**Task directions**
Copy only those lines which run from the line containing "ได้ร่วมกันตั้งด่านกวดขันวินัยจราจร 10 ข้อหาหลัก" to the end of the entries below, both inclusive, exactly as written and with no pictures.

**Data extract**
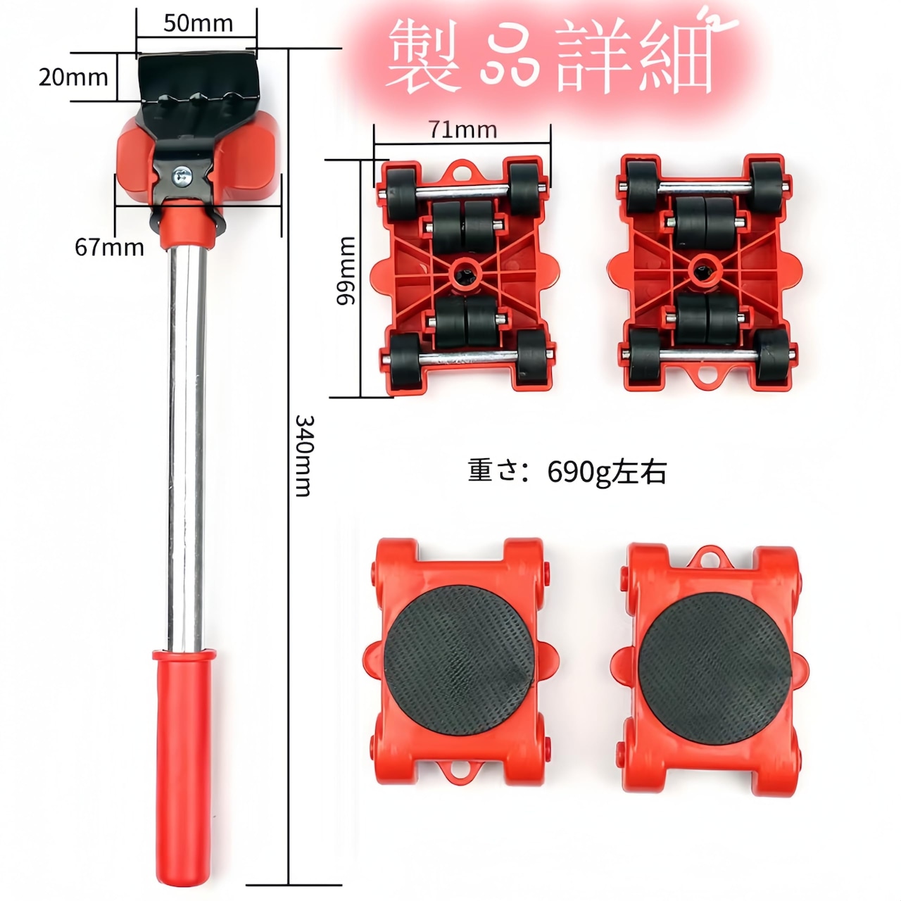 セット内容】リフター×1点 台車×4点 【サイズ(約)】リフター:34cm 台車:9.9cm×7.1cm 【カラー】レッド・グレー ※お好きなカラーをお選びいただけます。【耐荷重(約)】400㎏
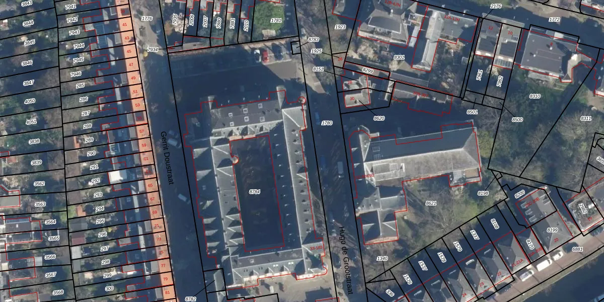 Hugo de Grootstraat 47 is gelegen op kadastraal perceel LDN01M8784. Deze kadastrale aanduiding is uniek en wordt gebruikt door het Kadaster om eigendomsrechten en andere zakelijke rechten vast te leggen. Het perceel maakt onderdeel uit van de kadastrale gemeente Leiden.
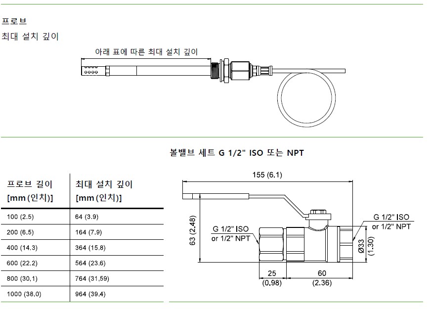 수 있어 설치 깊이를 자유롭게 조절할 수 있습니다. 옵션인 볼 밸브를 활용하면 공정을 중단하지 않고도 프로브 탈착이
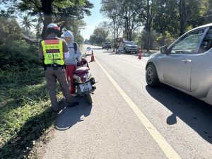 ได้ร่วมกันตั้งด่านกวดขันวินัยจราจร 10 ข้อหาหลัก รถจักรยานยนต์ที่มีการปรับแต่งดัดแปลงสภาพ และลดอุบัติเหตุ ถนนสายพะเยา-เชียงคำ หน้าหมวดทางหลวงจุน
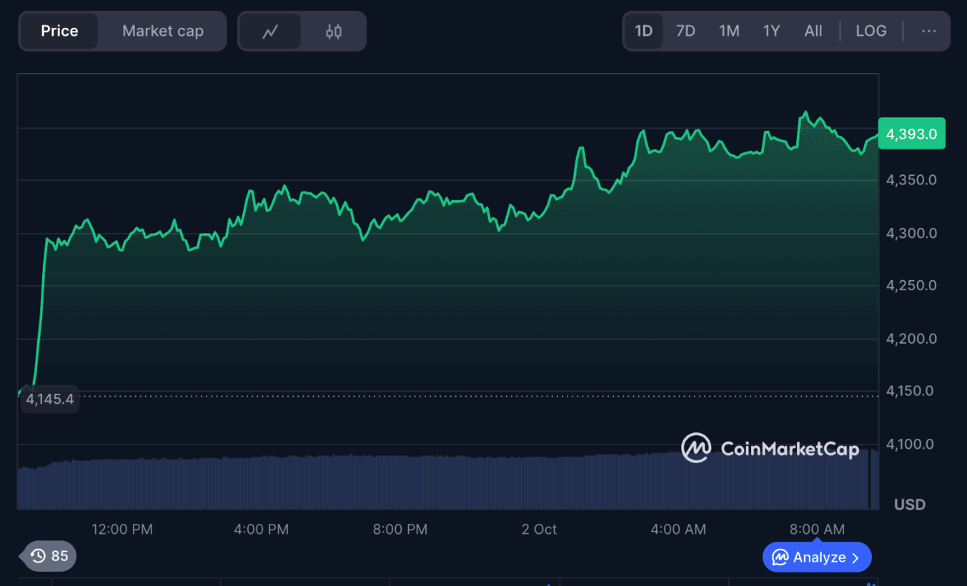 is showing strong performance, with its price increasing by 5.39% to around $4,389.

**Task result**
 ได้ร่วมกันตั้งด่านกวดขันวินัยจราจร 10 ข้อหาหลัก รถจักรยานยนต์ที่มีการปรับแต่งดัดแปลงสภาพ และลดอุบัติเหตุ ถนนสายพะเยา-เชียงคำ หน้าหมวดทางหลวงจุน
 is showing strong performance, with its price increasing by 5.39% to around $4,389.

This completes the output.